The Language of Technique and Paint — What You Can See Directly at the Surface

Georges Seurat, "A Sunday on La Grande Jatte" (1884–86, Art Institute of Chicago). A textbook case of Pointillism and Divisionism — countless dots of pure color blend in the viewer's eye.
Georges Seurat, "A Sunday on La Grande Jatte" (1884–86, Art Institute of Chicago). A textbook case of Pointillism and Divisionism — countless dots of pure color blend in the viewer's eye. · Sources

A painting is, in the end, "paint laid on a ground." How it is laid on is what separates the movements. Impasto means applying paint so thickly that the marks of the brush or palette knife stand up off the surface; in Van Gogh's "Vase with Carnations" or "Bank of the Oise at Auvers," raking light (a beam striking at an angle) reveals even the faint shadows cast by the ridges of paint. Glazing is the opposite: the old-master technique of laying many thin, transparent layers so that the color beneath shines through, producing a deep luster and jewel-like color. Scumbling drags an opaque or semi-transparent light-toned paint lightly with a dry brush so that it veils the layer below, conjuring mist, haze, and soft light. Alla prima ("at once") means completing a work in a single go, putting wet paint over wet paint before the underlayer has dried — the weapon of Impressionist painters who had to seize the light quickly outdoors. The core color strategy of Impressionism is plein air (painting directly outdoors under natural light) together with Divisionism/Pointillism. Divisionism is the theory of placing pure colors side by side in small touches rather than mixing them on the palette, so that they blend in the viewer's eye (optical mixing); pushing this to its extreme with tiny dots gives Seurat's Pointillism — "A Sunday on La Grande Jatte" is its textbook. The key here is that, rather than local color (the color belonging to an object itself), the painter deliberately arranges complementary colors (opposites on the color wheel) and warm-cool contrast so that the colors intensify one another. Among water-based and dry media there are gouache (opaque watercolor), pastel (a stick of pigment — Degas's favorite medium, prized for its velvety, powdery texture), and, in the printmaking family, monotype (a painterly print drawn on a plate from which only one or two impressions are pulled), lithography (planographic printing exploiting the repulsion of oil and water), and etching (an intaglio process in which acid bites into a copper plate).

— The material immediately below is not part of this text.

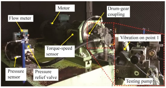 The testing rigs for the testing pump are shown in Figure 3. The testing pump is driven by an inverter-fed motor through the drum–gear coupling. A torque–speed transducer is used to monitor the torque and rotating speed, which is located between the testing pump and motor. The frequency converter can regulate the motor rotating speed. The discharge pressure is regulated by a pressure relief valve, and its maximum pressure is 35 MPa. The discharge pressure is measured by a pressure transducer and a pressure gauge. The pump output flow is measured by a flow transducer. The vibration signal is used for the piston wear fault detection and feature selection. The vibration acceleration on point 1 is collected by a piezoelectric accelerometer (Type LAN-XI 3050, Brüel & Kjær, Virum, Denmark) and data acquisition module (Type 4507-B-001, Brüel & Kjær, Virum, Denmark). The sampling frequency of vibration signals is 48,000 Hz. A high-pass filter is utilized to denoise raw vibration signals and the cut-off frequency is 7 Hz.

The Language of Conservation Science and Art Institutions — How to Read a Work's Backstory

Gustave Courbet, "The Stonebreakers" (1849). An emblematic work of Realism. The original was lost during an Allied air raid in February 1945 while being moved through the Dresden area, and survives only in photographs and reproductions — a case that shows both provenance (ownership history) and wartime looting and loss together.
Gustave Courbet, "The Stonebreakers" (1849). An emblematic work of Realism. The original was lost during an Allied air raid in February 1945 while being moved through the Dresden area, and survives only in photographs and reproductions — a case that shows both provenance (ownership history) and wartime looting and loss together. · Sources

Some words hold a work's true story even when the label doesn't say so. Pentimento (Italian for "repentance") is the trace of a form the painter first laid down and then changed their mind about and covered over — one that emerges over time as the upper layer of paint grows transparent, or that is revealed by X-ray or infrared reflectography. A shifted position of a leg, a figure painted out, an altered composition: these belong here, and they show us the work's "making" directly. Craquelure is the net-like web of cracks that forms as the paint layer and ground shrink with age and shifts in temperature and humidity; the pattern of the cracking is a clue to medium and date, and a ground for detecting forgeries. Varnish (a protective transparent coating) shields a painting and deepens its color, but with age it yellows and discolors, masking the original hues — and a large part of a museum's conservation work consists precisely of removing this degraded varnish. Provenance is the chain of ownership a work has passed through since it was made — the decisive record that determines questions of authenticity, theft, and looting (Nazi-looted art above all). It is worth knowing the words for the art "institutions" too. The Salon was the official exhibition run by France's Royal Academy, the gateway that decided a nineteenth-century painter's success; the academy was the institution that taught its authoritative norms (history painting first, a polished finish, idealized form). The avant-garde ("advance guard") means the experimental, forward art that defied those norms — and every movement after Impressionism belongs to it. A docent is the volunteer guide who interprets an exhibition. Finally, degenerate art (Entartete Kunst) is the brand Nazi Germany pinned on modern art in 1937 to defame it — a term that carries the history in which the Expressionist and abstract painters of this very exhibition, Beckmann, Kokoschka, Kandinsky and others, were persecuted directly and their works seized, mockingly displayed, and sold off. It is the word to keep firmly in mind before the Expressionism gallery in Section 7.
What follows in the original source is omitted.